Мы за Расею-мать пойдем,
Бонапартам побьем,
Бонапартам побьем
И привольно заживем!
 
   Уралец снял перед ними шапку и безмолвно проехал мимо. «Помоги вам бог!» — мысленно пожелал он удачи ратникам. К полудню он въехал во двор хозяина. Среди дворни шла суета: укладывали в ящики демидовское добро, заколачивали их пахучим тесом. За экипажным сараем кучера рыли глубокую яму, в которую собирались спрятать от врага ценности.
   Старик дворецкий опечаленно сказал Ефиму:
   — Эх, милый, дожили мы до ненастных дней. Идет гроза с громом и молоньей. Как и устоим?
   — Надо устоять! — твердо ответил тагильский мастерко. — Мы, русские, дедушка, не такие напасти видели и перенесли! Как дубы, выстоим!
   — Вот спасибочко за утеху! — Дворецкий снизил голос и сокрушенно поделился: — Золото и камни-самоцветы из матушки Москвы повезли. Вот и мы со скарбом наутро из дома тронемся. Кто знает, доведется ли когда-нибудь увидеть родные стены Белокаменной?
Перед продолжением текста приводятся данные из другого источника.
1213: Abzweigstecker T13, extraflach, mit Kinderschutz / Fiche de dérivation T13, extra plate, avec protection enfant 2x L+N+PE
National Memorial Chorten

   Старик невольно смахнул слезу.
   — Николай Никитич давно поджидает тебя. Иди! — заторопил он вдруг уральца.
   Ефим сдал коня и тележку конюхам, умылся, выбил от пыли кафтан и направился в господские покои. Демидов был неузнаваем: одетый в щегольской военный мундир, он словно помолодел, вырос, движения его стали энергичнее. Встретив недоуменный взгляд Ефима, хозяин горделиво сказал:
   — Выставляю свой ополченский полк! Коштовато обойдется, но надо отечество оборонять! Видно, придется нам, Ефим Алексеич, хлебнуть горя! — Он встал и, звякая шпорами, прошелся по комнате. Ровным, спокойным голосом он продолжал: — Выпала нам и печаль и радость. Враг идет сюда, может и на Тулу повернет — то великая скорбь: надо спасать наши заводы. И вот господу угодно стало, чтобы в эти дни пребывающая во Флоренции супруга наша Елизавета Александровна родила нам второго сына, которого мы нарекли Анатолием. Это безмерная радость нам!
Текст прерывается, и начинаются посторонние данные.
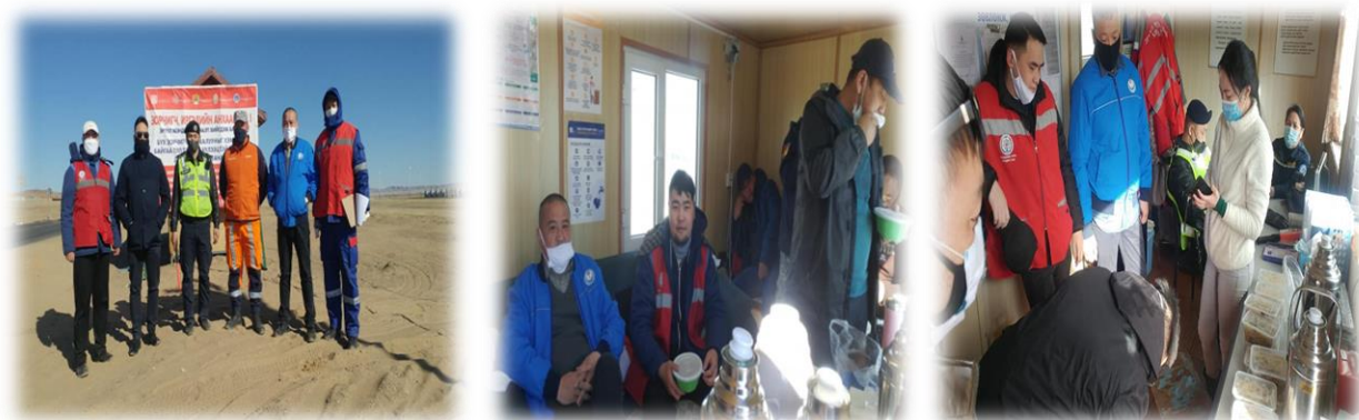
Зураг 9. Шалган нэвтрүүлэх товчоонд ажиллаж буй төрийн албан хаагчдад хоол цайгаар үйлчиллээ

Халдварт цар тахал дэгдсэнтэй холбогдуулан 2020 оны 03 дугаар сарын 23-ны өдрөөс эхлэн Өлзийт, Баянзүрхийн шалган нэвтрүүлэх товчоодод тус газрын 3 ажилтан 24 цагаар үүрэг гүйцэтгэн ажилласан.

   Тагилец неловко поклонился:
   — Поздравляю вас с наследником, господин!
   — Спасибо! — весело отозвался Демидов. — А вызвал я тебя, Ефим Алексеич, для Тулы. Великий знаток ты машин и заводов, наказываю тебе ехать туда и вывезти наше оружейное дело. Пока же день-два тут пособи: враг близок, а мне надо ратников вести из Москвы. Я тут отлучусь на чуток, а ты обожди меня. Понял?
   — Ясно, господин. Постараюсь.
   — Ну, ступай и делай свое, коли ясно! — Он слегка наклонил голову и погрузился в свои думы.
   Вечером за окном послышался глухой стук конских подков о настил двора — Демидов на вороном иноходце отбыл по своему делу. Никто из дворни не знал, куда со своими ополченцами направится барин.
   В сумерки со двора следом потянулся обоз с домашней кладью. В старом обширном доме с гулкими залами остались дворецкий и несколько престарелых слуг.
   Спустилась мягкая, тихая ночь. Дворовые не расходились и, сидя на крылечке, обсуждали вести с Бородинского поля. Никто из них все еще не верил, что французы осмелятся войти в Москву. Черепанов забрался в горенку и распахнул окно. Город притих во тьме, отошел ко сну. На западе, над Поклонной горой, краснело зарево — горели бивуачные огни, и это наполняло душу тревогой. Долго не мог уснуть Ефим, ворочался, прислушивался к осторожному говорку дворовых.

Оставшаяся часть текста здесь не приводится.